The program officially began on Jan. 1, 2015, though it was originally approved in 2013. The vision was to provide money to community groups to build new facilities in St. Albert. The city would provide a third of the money, up to $5 million, and community groups and other levels of government would provide the rest.
The city even held meetings for potential applicants – not-for-profits, volunteer groups or other community organizations – to help gear them up for the potential funding options available in the program.
Just a few months after the program began, city staff recommended council stop taking submissions. No groups ended up getting approved, though a few groups did apply. The program finally ended this week when council unanimously voted to end the process for the St. Albert Community Performing Arts Centre. Michael McElroy, president of St. Albert Performing Arts Society didn’t have good things to say about the program.
“I think there’s something terribly, terribly wrong to put an organization like us through the rigours of all this when there was never any chance for it to happen,” he said.
McElroy is right. Council took up valuable time from community groups – many of them volunteers – and didn’t provide them with anything for their time spent applying for the program, which included attending workshops and building high-level proposals.
Dynamyx Gymnastics Club president Cathy Schwer was also frustrated with the project, as Dynamyx’s proposed gymnastic facility never made it past the first stage of the program.
“For us, we put in a lot of time and energy, then got denied,” she said.
Although city council did have a plan for up to $40 million to be spent on the program, no actual funding commitment was ever set aside. Mayor Nolan Crouse said the program failed because of the lack of dedicated funding, which is why he opposed it from the beginning.

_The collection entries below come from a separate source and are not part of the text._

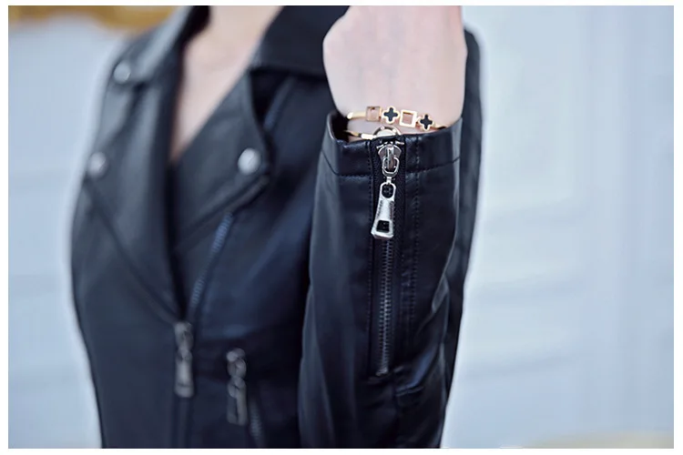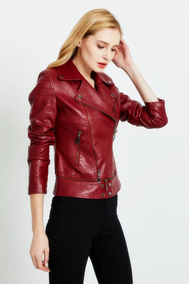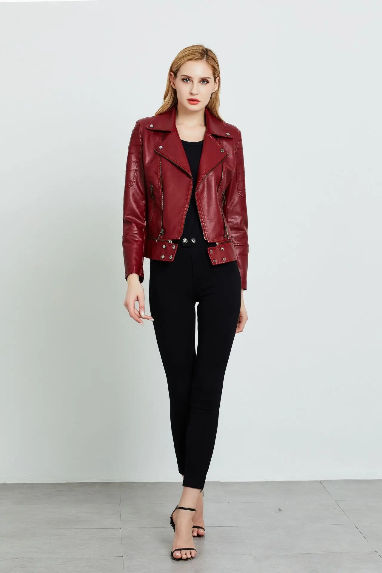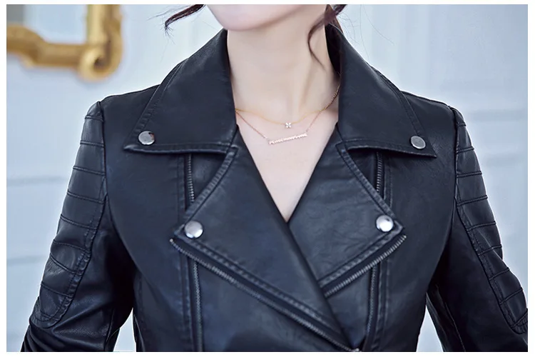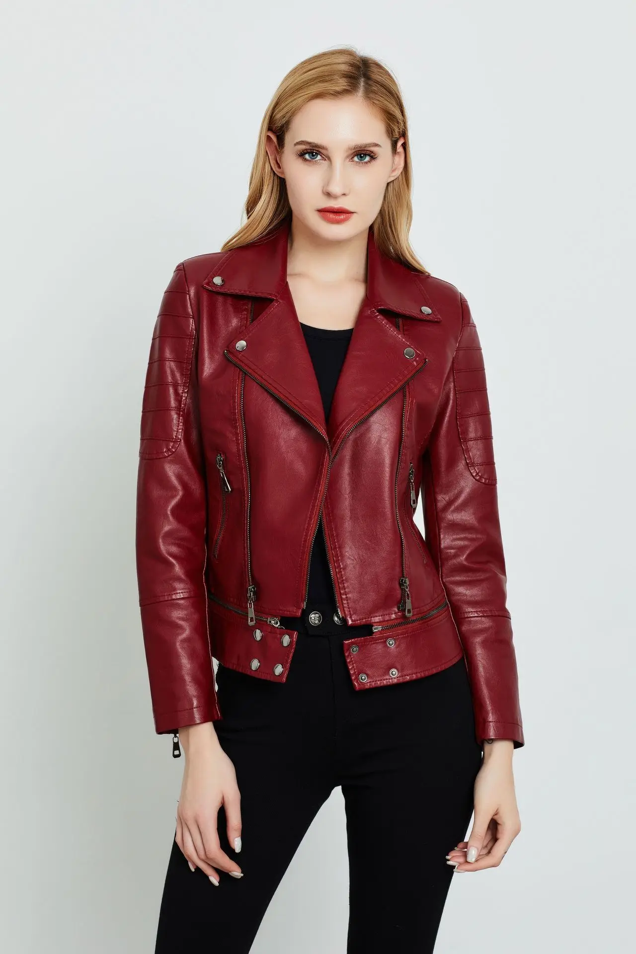 Женская мотоциклетная куртка с заклепками черная короткая приталенная большого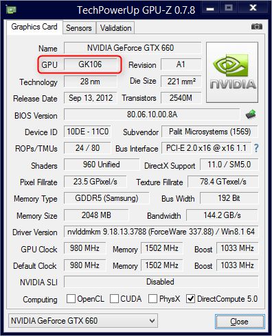 — NVIDIA: кодовое название должно начинаться с GK или GM.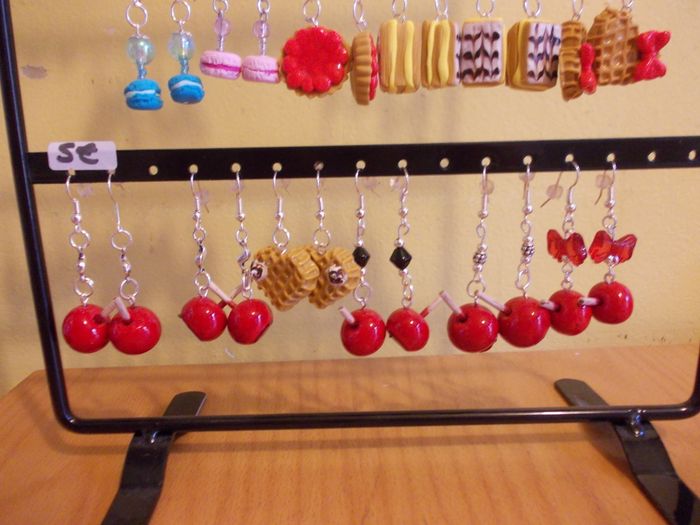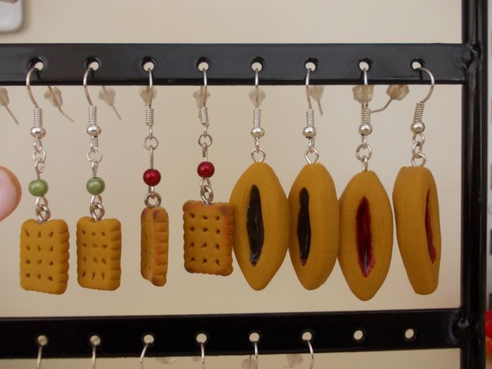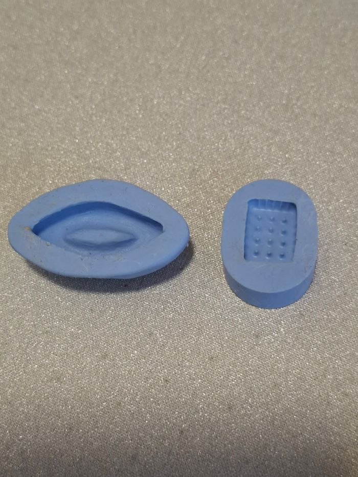 Joli lot de 7 moules en silicone pour créations gourmandes de gaufre (4 x 3 cm), petits beurres (3,5 x 2,3 et 1,6 x 1,1 cm), gâteau barquette (3 x 1,4 cm), fond de tarte (diamètre 2 cm), gaufre en forme de coeur (2,3 x 2 cm) et galette (diamètre 2 cm), en pâte fimo, pâte à sel, argile, pâte à sucre, pâte d'amande, etc ... Idéal pour faire des boucles d'oreilles, colliers, porte-clés ou pour maison de poupées. Utilisé quelquefois pour quelques formes et certains encore neufs. Nombreux détails réalistes.
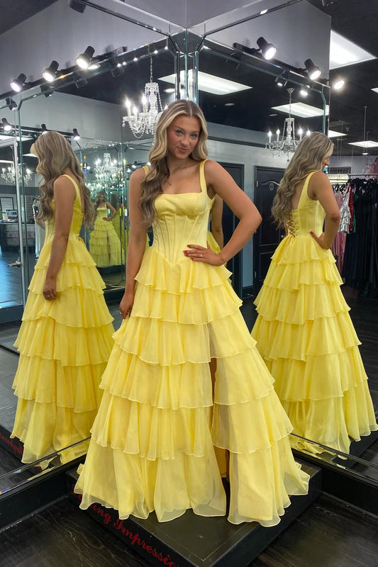 A-Line Multi Tiered Ruffles Spaghetti Straps Side Slit Prom Dress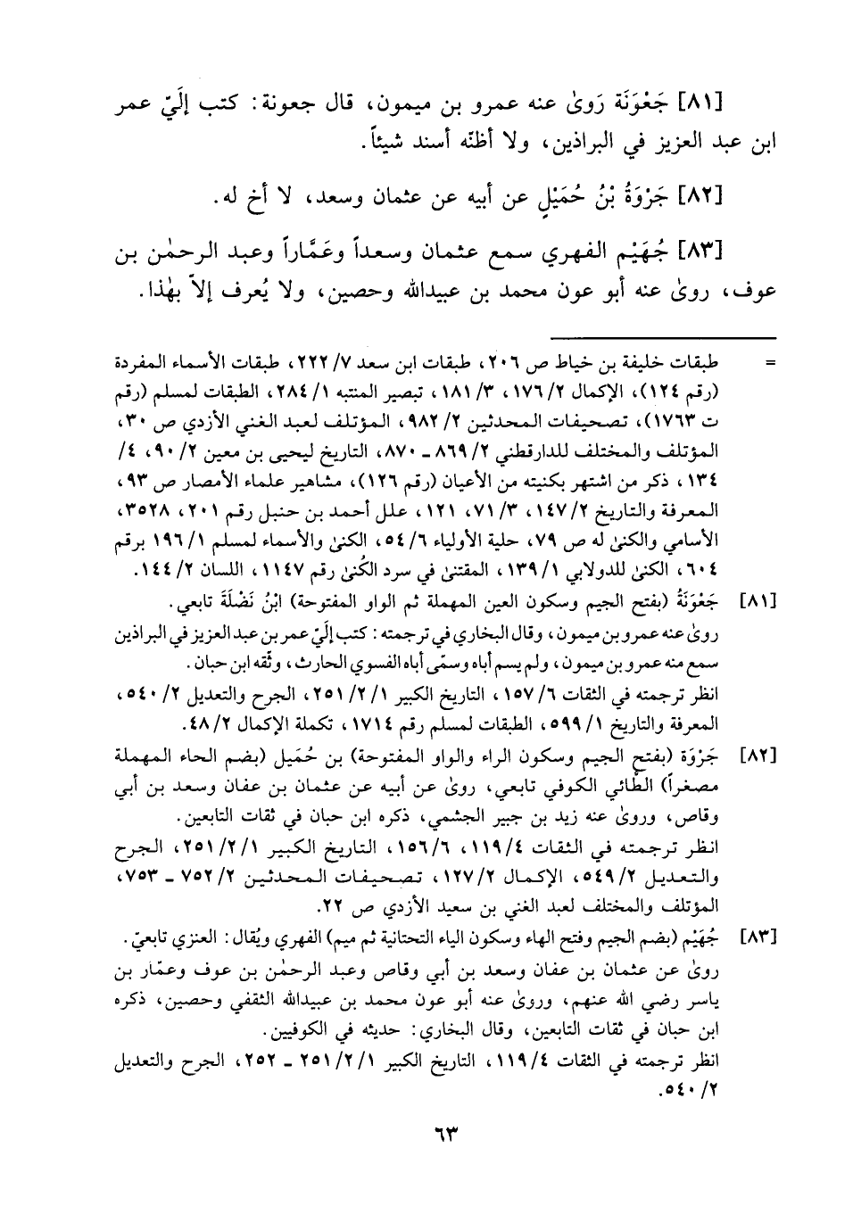 83- جهيم الفهري سمع عثمان وسعداً وعماراً وعبد الرحمن بن عوف، روى عنه أبو عون محمد بن عبيد الله وحصين، ولا يعرف إلا بهذا.

Coun. Cam MacKay said he thinks the city owes all the groups involved an apology.
“I’m a little bit embarrassed about how this all evolved. A whole bunch of groups spent time and money to submit applications for money that was never there,” he said.
In the end, the Capital Partnership Program ended up being no more than a pie-in-the-sky proposal that wasted both council and community groups’ time. The idea behind the program, to help community groups build new facilities, is worthwhile. But the process behind the program was flawed from the start without clear dedicated funding. The program was only ever built on hope and it ended as a failure.
Time is a valuable commodity for community groups and it shouldn’t be wasted. Hopefully the failure of this program will serve as a lesson to both council and administration. Good intentions are only good when they produce results.